Louis Bloom (Jake Gyllenhaal) has lots of ambition. From the start he strikes you as a man who had his conscience cut out to make room for more ambition. He is a night owl, comfortable wading through the city’s seedy underbelly and making his way any way he knows how, but that’s just a little bit more than the law will allow. But Bloom is not just some good ol’ boy, in fact Gyllenhaal looks to have lost some weight making his character look like a gaunt vampire.

His language is meticulous, even funny, and dotted with business 101 aphorisms. Combine that with dark, slicked back hair and a smile that belies the lack of emotion behind the eyes and Gyllenhaal has created a fascinating entrepreneur that resembles bits of Patrick Bateman and Bill Lumbergh. Bloom stumbles into freelance crime journalism in a chance meeting with a car fire and veteran stringer (freelancer) Joe Loder (Bill Paxton).
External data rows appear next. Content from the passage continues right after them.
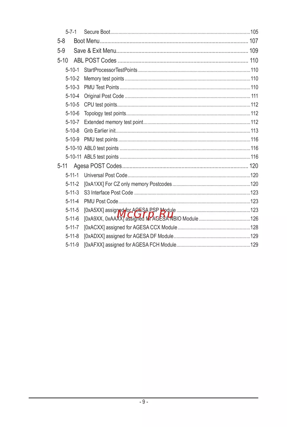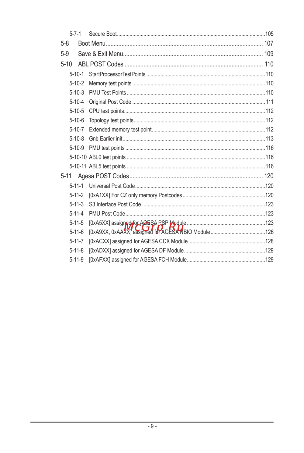 ![Gigabyte H261-Z60 (rev. A00) [9/130] 8 boot menu 107 5 9 save exit menu 109 5 10 abl post codes 110](/views2/1681270/page9/bg9.png)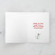 Um cartão de saudação de Natal com a minha imagem original de um boneco de neve sorridente segurando um presente de Natal no dia de Natal.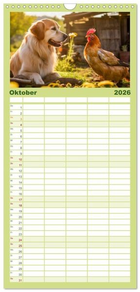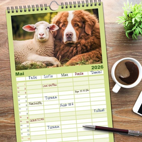 PRAKTISCH - übersichtlicher Familienkalender mit 5 Spalten für bis zu 5 Personen für mehr Struktur im Alltag - so bleiben alle Termine im Blick!ÜBERSICHTLICH - mit farblich getrennten Wochen- und Feiertagen. Die einzelnen Felder bieten genügend Platz für Eintragungen. So macht Organisieren Spaß!FANTASTISCHE BILDER - Dieser Planer ist nicht nur eine nützliche Hilfe im Alltag, sondern schmückt gleichzeitig Ihr Zuhause. Ideal auch als Geschenk.FÜR ALLE STIFTE GEEIGNET - ganz egal, ob Sie lieber mit Kugelschreiber oder Bleistift schreiben.NACHHALTIG - deutliche Abfallreduzierung durch bedarfsgerechte Einzelstückfertigung, umweltfreundliches FSC-zertifiziertes Papier, Produktion in Deutschland, klimabewusste Logistik.Ein abwechslungsreichess Hundeleben auf dem Bauernhof von Autor(in): Anja Frost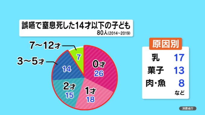消費者庁によりますと、食べ物などが気管に入る誤嚥で亡くなった14歳以下の子どもの数は、2019年までの6年間で80人にのぼります。

Louis is immediately drawn to the action, quick money, and self-satisfaction at seeing his work make the morning news. He hires Rick, played by Riz Ahmed, a young homeless man who is quickly in over his head. Bloom exploits Rick’s desperate situation by thrusting him in the middle of dangerous and ethically questionable situations. Riz Ahmed does an incredible job making Rick humorous and likable, but you can also see his inner turmoil as he is dragged further down by Louis’s relentless ambition.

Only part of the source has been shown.